Segment Start: Collected material

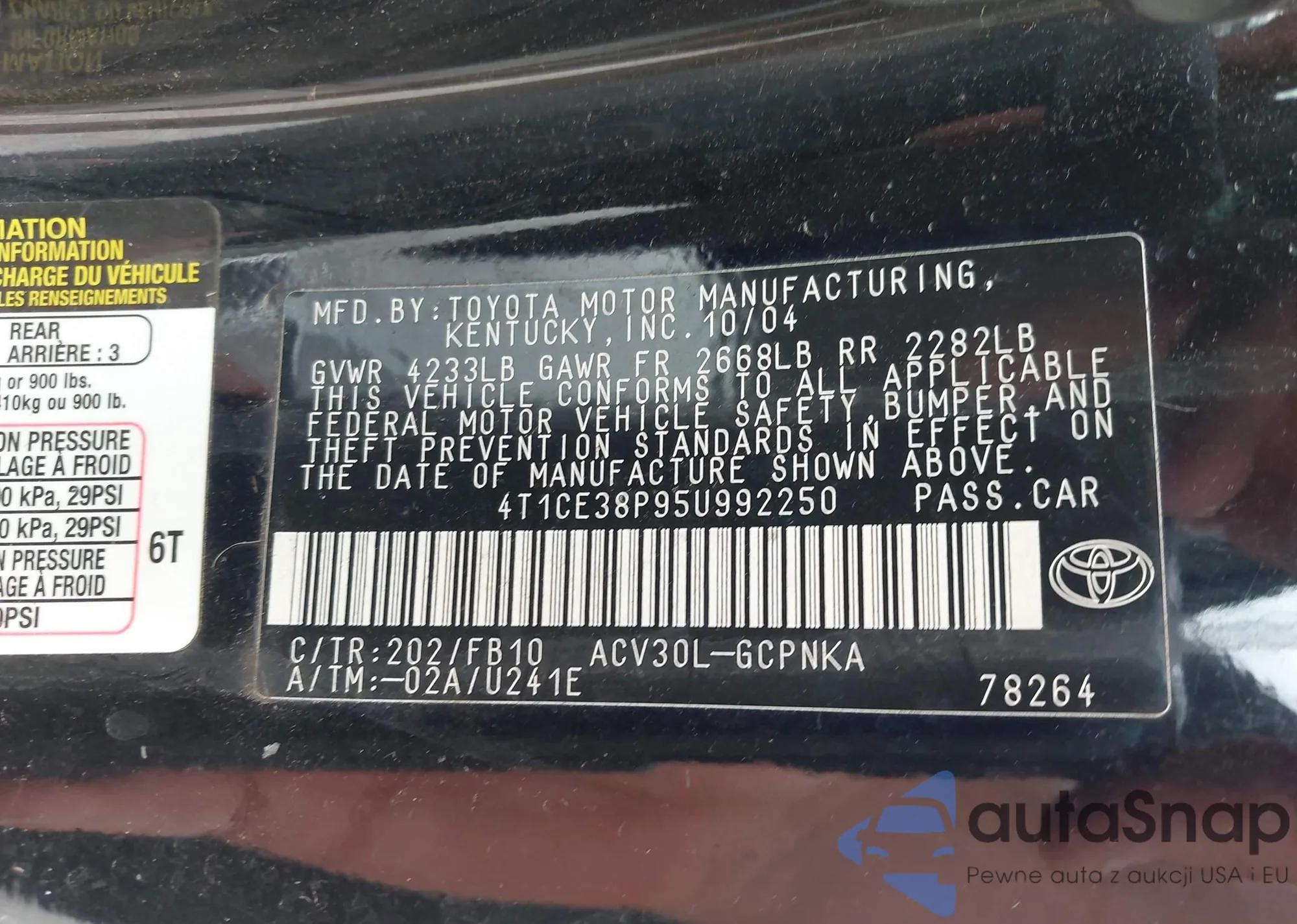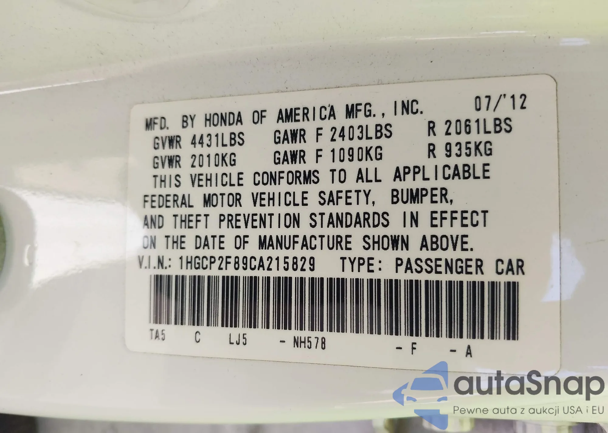 LOT: 42124710 VIN: 1HGCP2F89CA215829
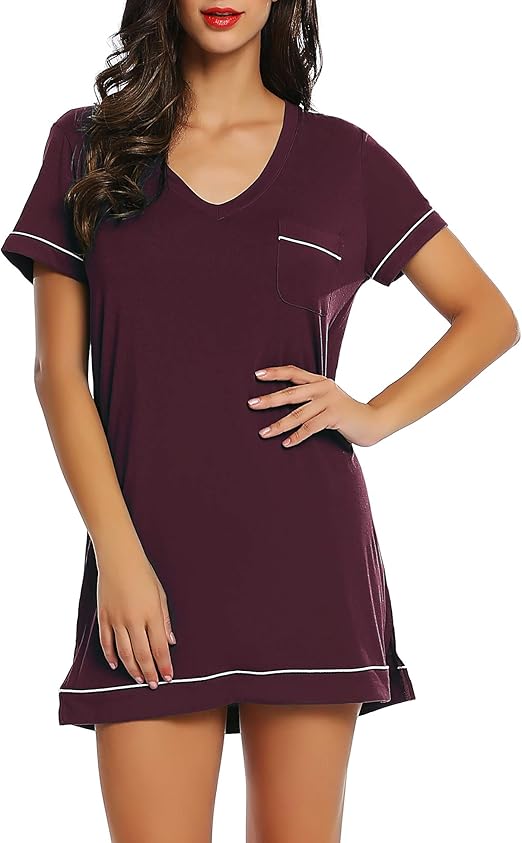 Ekouaer 2er Pack Nachthemden Damen - Kurzarm Schlafshirts Mit V-Ausschnitt
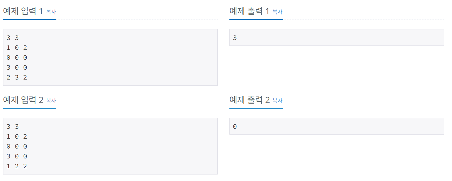 첫째 줄에 자연수 N, K가 공백을 기준으로 구분되어 주어진다. (1 ≤ N ≤ 200, 1 ≤ K ≤ 1,000) 둘째 줄부터 N개의 줄에 걸쳐서 시험관의 정보가 주어진다. 각 행은 N개의 원소로 구성되며, 해당 위치에 존재하는 바이러스의 번호가 공백을 기준으로 구분되어 주어진다. 단, 해당 위치에 바이러스가 존재하지 않는 경우 0이 주어진다. 또한 모든 바이러스의 번호는 K이하의 자연수로만 주어진다. N+2번째 줄에는 S, X, Y가 공백을 기준으로 구분되어 주어진다. (0 ≤ S ≤ 10,000, 1 ≤ X, Y ≤ N)
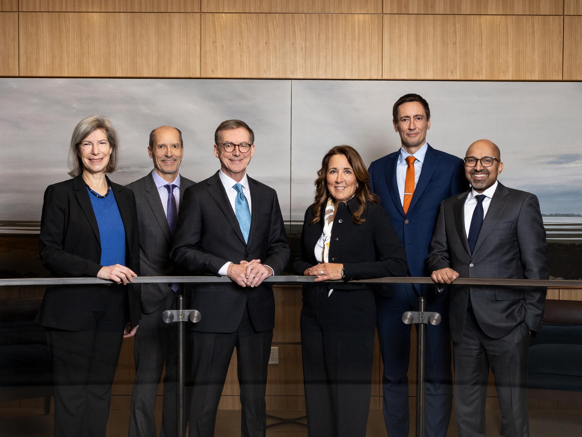 Le Conseil de direction de la Banque du Canada (de gauche à droite) : la sous-gouverneure Sharon Kozicki; le sous-gouverneur Toni Gravelle; le gouverneur Tiff Macklem; la première sous-gouverneure Carolyn Rogers; le sous-gouverneur externe Nicolas Vincent; et le sous-gouverneur Rhys Mendes.

Segment End: Collected material

Pictures are not part of the copy. Restate everything else in the listing word for word.

Response area:
 LOT: 42124710 VIN: 1HGCP2F89CA215829
 Ekouaer 2er Pack Nachthemden Damen - Kurzarm Schlafshirts Mit V-Ausschnitt
 첫째 줄에 자연수 N, K가 공백을 기준으로 구분되어 주어진다. (1 ≤ N ≤ 200, 1 ≤ K ≤ 1,000) 둘째 줄부터 N개의 줄에 걸쳐서 시험관의 정보가 주어진다. 각 행은 N개의 원소로 구성되며, 해당 위치에 존재하는 바이러스의 번호가 공백을 기준으로 구분되어 주어진다. 단, 해당 위치에 바이러스가 존재하지 않는 경우 0이 주어진다. 또한 모든 바이러스의 번호는 K이하의 자연수로만 주어진다. N+2번째 줄에는 S, X, Y가 공백을 기준으로 구분되어 주어진다. (0 ≤ S ≤ 10,000, 1 ≤ X, Y ≤ N)
 Le Conseil de direction de la Banque du Canada (de gauche à droite) : la sous-gouverneure Sharon Kozicki; le sous-gouverneur Toni Gravelle; le gouverneur Tiff Macklem; la première sous-gouverneure Carolyn Rogers; le sous-gouverneur externe Nicolas Vincent; et le sous-gouverneur Rhys Mendes.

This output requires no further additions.